On the other hand, it is exactly that managed='yes' functionality that 
has created more "libvirt-but-not-really-libvirt" bug reports than any 
other aspect of vfio device assignment, because the process of unbinding 
and rebinding drivers is timing-sensitive and causes code that's usually 
run only once at host boot-time to be run hundreds of times thus making 
it more likely to expose infrequently-hit bugs.

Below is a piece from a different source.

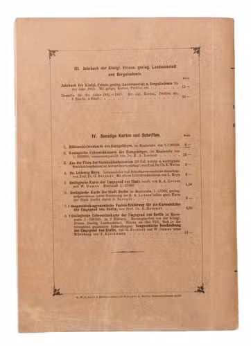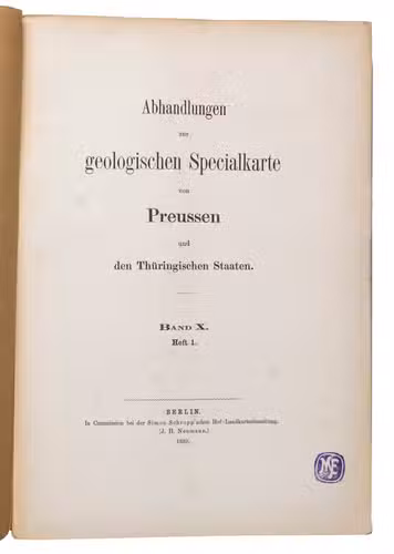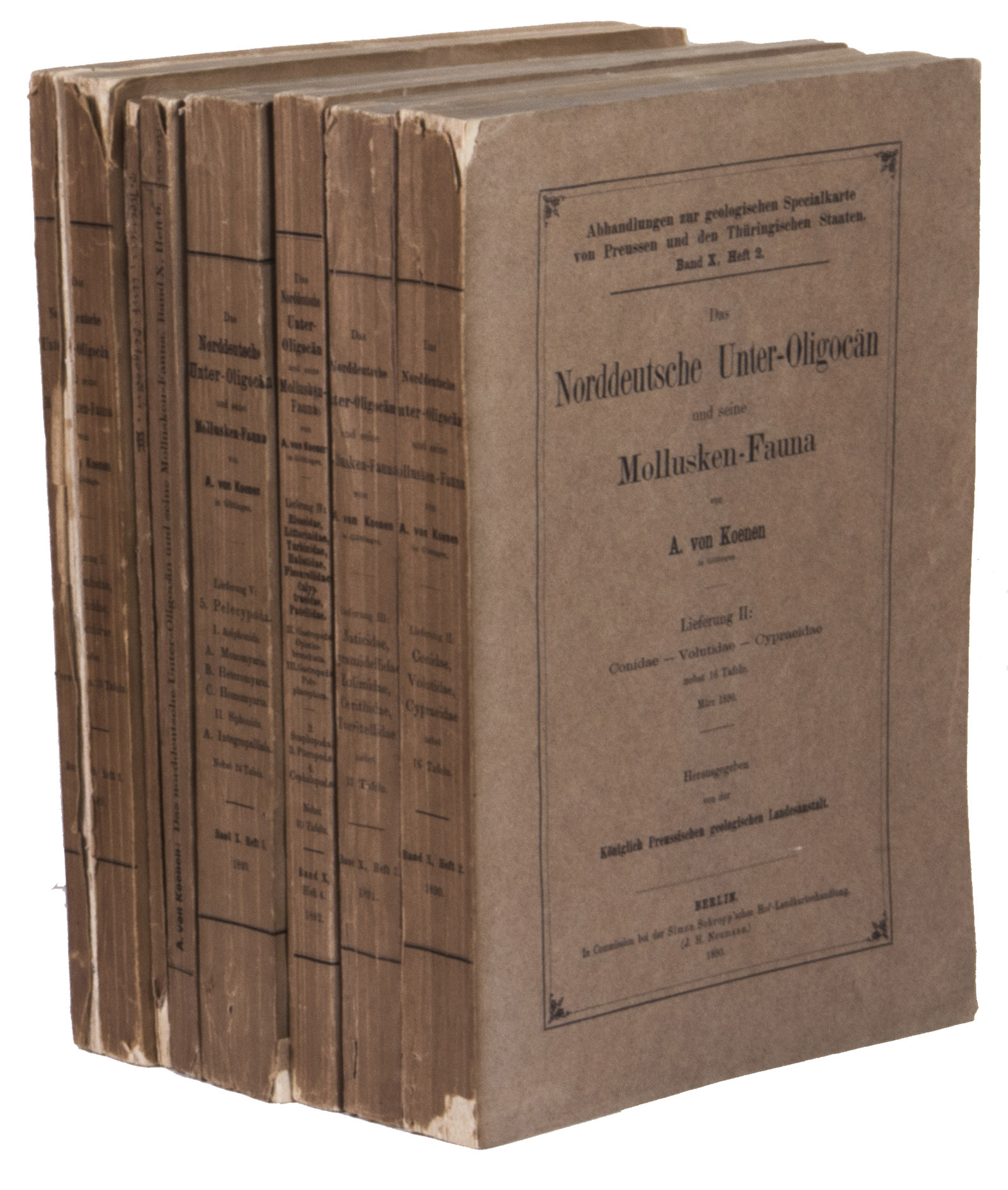Berlin, Königlich Preussischen geologischen Landesanstat, Im Vertrieb der Simon Schropp, 1889-1894. 7 parts (bound in 7). Large 8vo (25.5 x 17.5 cm). With 101 folding plates. Original printed brown paper wrappers, with the title on the spine (printed for volumes 1-6, manuscript for volume 7). 1458 pp.

I just bring this up in advance of someone suggesting the addition of 
managed='yes' here to put in my vote for *not* doing it, and instead 
using that same effort to provide some sort of API in the node-device 
driver for easily creating one or more VDPA devices from VFs, which 
could be done once at host boot time, and thus avoid the level of 
"libvirt-not-libvirt" bug reports for VDPA. (and after that maybe even 
an API to allocate a device from that pool to be used by a guest). But 
that's for later.


> +     </interface>
> +   </devices>
> +   ...
> +
>   :anchor:`<a id="elementsTeaming"/>`
>   
>   Teaming a virtio/hostdev NIC pair
> diff --git a/docs/schemas/domaincommon.rng b/docs/schemas/domaincommon.rng
> index 0d0dcbc5ce..17f74490f4 100644
> --- a/docs/schemas/domaincommon.rng
> +++ b/docs/schemas/domaincommon.rng
> @@ -3108,6 +3108,21 @@
>               <ref name="interface-options"/>
>             </interleave>
>           </group>
> +
> +        <group>
> +          <attribute name="type">
> +            <value>vdpa</value>
> +          </attribute>
> +          <interleave>
> +            <element name="source">
> +              <attribute name="dev">
> +                <ref name="deviceName"/>
> +              </attribute>
> +            </element>
> +            <ref name="interface-options"/>
> +          </interleave>
> +        </group>
> +
>         </choice>
>         <optional>
>           <attribute name="trustGuestRxFilters">
> diff --git a/src/conf/domain_conf.c b/src/conf/domain_conf.c
> index 8e7981bf25..74f2c2f3e3 100644
> --- a/src/conf/domain_conf.c
> +++ b/src/conf/domain_conf.c
> @@ -549,6 +549,7 @@ VIR_ENUM_IMPL(virDomainNet,
>                 "direct",
>                 "hostdev",
>                 "udp",
> +              "vdpa",
>   );
>   
>   VIR_ENUM_IMPL(virDomainNetModel,
> @@ -2495,6 +2496,10 @@ virDomainNetDefClear(virDomainNetDefPtr def)
>           def->data.vhostuser = NULL;
>           break;
>   
> +    case VIR_DOMAIN_NET_TYPE_VDPA:
> +        VIR_FREE(def->data.vdpa.devicepath);
> +        break;
> +
>       case VIR_DOMAIN_NET_TYPE_SERVER:
>       case VIR_DOMAIN_NET_TYPE_CLIENT:
>       case VIR_DOMAIN_NET_TYPE_MCAST:
> @@ -6489,6 +6494,15 @@ virDomainNetDefValidate(const virDomainNetDef *net)
>           return -1;
>       }
>   
> +    if (net->type == VIR_DOMAIN_NET_TYPE_VDPA &&
> +        net->model != VIR_DOMAIN_NET_MODEL_VIRTIO) {
> +            virReportError(VIR_ERR_CONFIG_UNSUPPORTED,
> +                           _("invalid model for interface of type '%s': '%s'"),
> +                           virDomainNetTypeToString(net->type),
> +                           virDomainNetModelTypeToString(net->model));
> +            return -1;
> +    }
> +


I see that in qemuDomainDeviceNetDefPostParse you set this to virtio if 
it isn't specified. It seems a bit odd to set the default in the 
qemu-specific post-parse, but check that the default actually *is* 
virtio in the generic domain validate. Since device models tend to be 
hypervisor-specific, I'm thinking maybe we should set an unspecified 
model to virtio where you currently have that 
(qemuDomainDeviceNetDefPostParse()) but more the above validation check 
from here over to qemuValidateDomainDeviceDefNetwork()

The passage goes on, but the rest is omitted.